## What you have to do
Once the pictures have been removed, repeat the remainder of the records exactly.

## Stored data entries

----------

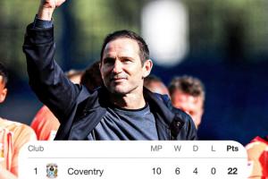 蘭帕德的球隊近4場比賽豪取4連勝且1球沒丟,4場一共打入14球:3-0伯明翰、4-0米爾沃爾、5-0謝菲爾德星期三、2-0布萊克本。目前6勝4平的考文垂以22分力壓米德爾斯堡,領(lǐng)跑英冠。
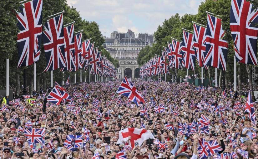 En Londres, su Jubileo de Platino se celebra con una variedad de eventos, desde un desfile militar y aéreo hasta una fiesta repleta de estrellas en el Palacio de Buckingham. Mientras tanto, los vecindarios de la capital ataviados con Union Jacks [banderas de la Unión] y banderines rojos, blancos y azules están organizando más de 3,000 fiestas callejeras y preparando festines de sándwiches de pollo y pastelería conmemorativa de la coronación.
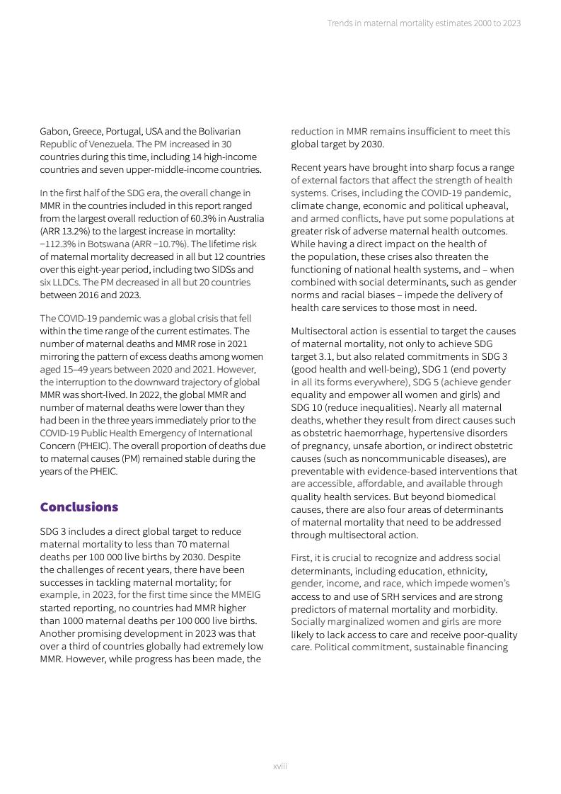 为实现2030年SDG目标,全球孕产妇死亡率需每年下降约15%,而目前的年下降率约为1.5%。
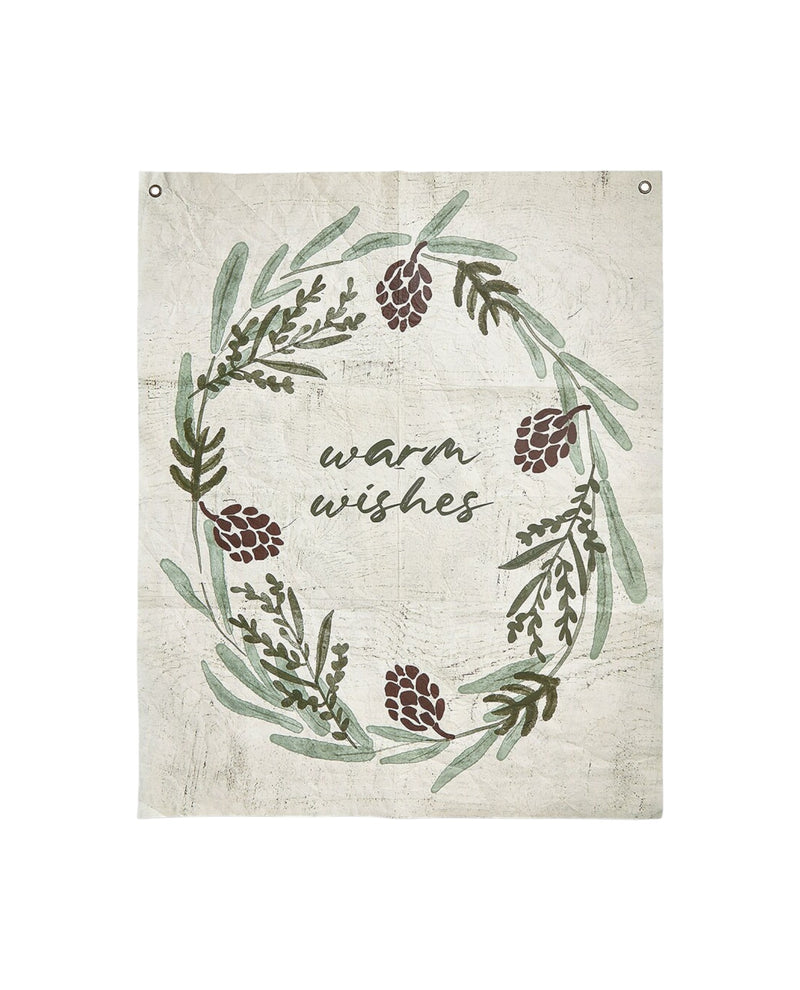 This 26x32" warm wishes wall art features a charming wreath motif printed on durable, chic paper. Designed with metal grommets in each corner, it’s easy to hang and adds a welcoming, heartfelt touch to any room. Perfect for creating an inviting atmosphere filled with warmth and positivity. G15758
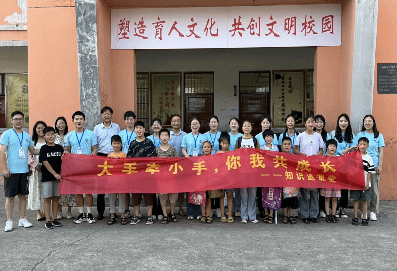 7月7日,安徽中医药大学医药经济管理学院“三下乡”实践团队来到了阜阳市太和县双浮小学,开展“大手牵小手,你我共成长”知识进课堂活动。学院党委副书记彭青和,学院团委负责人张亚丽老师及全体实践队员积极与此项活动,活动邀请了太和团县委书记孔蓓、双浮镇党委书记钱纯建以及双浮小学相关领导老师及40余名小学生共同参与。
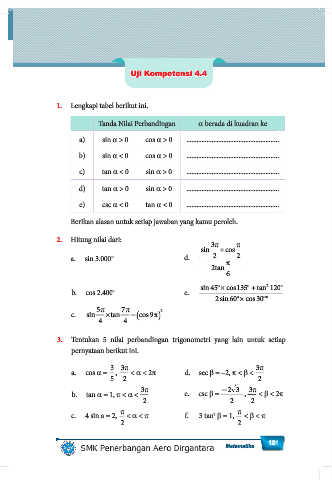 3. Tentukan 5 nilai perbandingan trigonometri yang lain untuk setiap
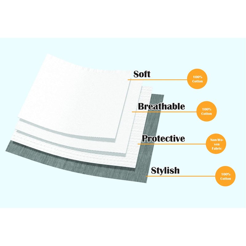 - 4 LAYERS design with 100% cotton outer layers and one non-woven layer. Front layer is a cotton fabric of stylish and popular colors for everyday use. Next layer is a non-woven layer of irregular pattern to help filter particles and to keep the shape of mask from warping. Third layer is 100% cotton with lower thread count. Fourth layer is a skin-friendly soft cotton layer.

----------

## Answer to the exercise
 蘭帕德的球隊近4場比賽豪取4連勝且1球沒丟,4場一共打入14球:3-0伯明翰、4-0米爾沃爾、5-0謝菲爾德星期三、2-0布萊克本。目前6勝4平的考文垂以22分力壓米德爾斯堡,領(lǐng)跑英冠。
 En Londres, su Jubileo de Platino se celebra con una variedad de eventos, desde un desfile militar y aéreo hasta una fiesta repleta de estrellas en el Palacio de Buckingham. Mientras tanto, los vecindarios de la capital ataviados con Union Jacks [banderas de la Unión] y banderines rojos, blancos y azules están organizando más de 3,000 fiestas callejeras y preparando festines de sándwiches de pollo y pastelería conmemorativa de la coronación.
 为实现2030年SDG目标,全球孕产妇死亡率需每年下降约15%,而目前的年下降率约为1.5%。
 This 26x32" warm wishes wall art features a charming wreath motif printed on durable, chic paper. Designed with metal grommets in each corner, it’s easy to hang and adds a welcoming, heartfelt touch to any room. Perfect for creating an inviting atmosphere filled with warmth and positivity. G15758
 7月7日,安徽中医药大学医药经济管理学院“三下乡”实践团队来到了阜阳市太和县双浮小学,开展“大手牵小手,你我共成长”知识进课堂活动。学院党委副书记彭青和,学院团委负责人张亚丽老师及全体实践队员积极与此项活动,活动邀请了太和团县委书记孔蓓、双浮镇党委书记钱纯建以及双浮小学相关领导老师及40余名小学生共同参与。
 3. Tentukan 5 nilai perbandingan trigonometri yang lain untuk setiap
 - 4 LAYERS design with 100% cotton outer layers and one non-woven layer. Front layer is a cotton fabric of stylish and popular colors for everyday use. Next layer is a non-woven layer of irregular pattern to help filter particles and to keep the shape of mask from warping. Third layer is 100% cotton with lower thread count. Fourth layer is a skin-friendly soft cotton layer.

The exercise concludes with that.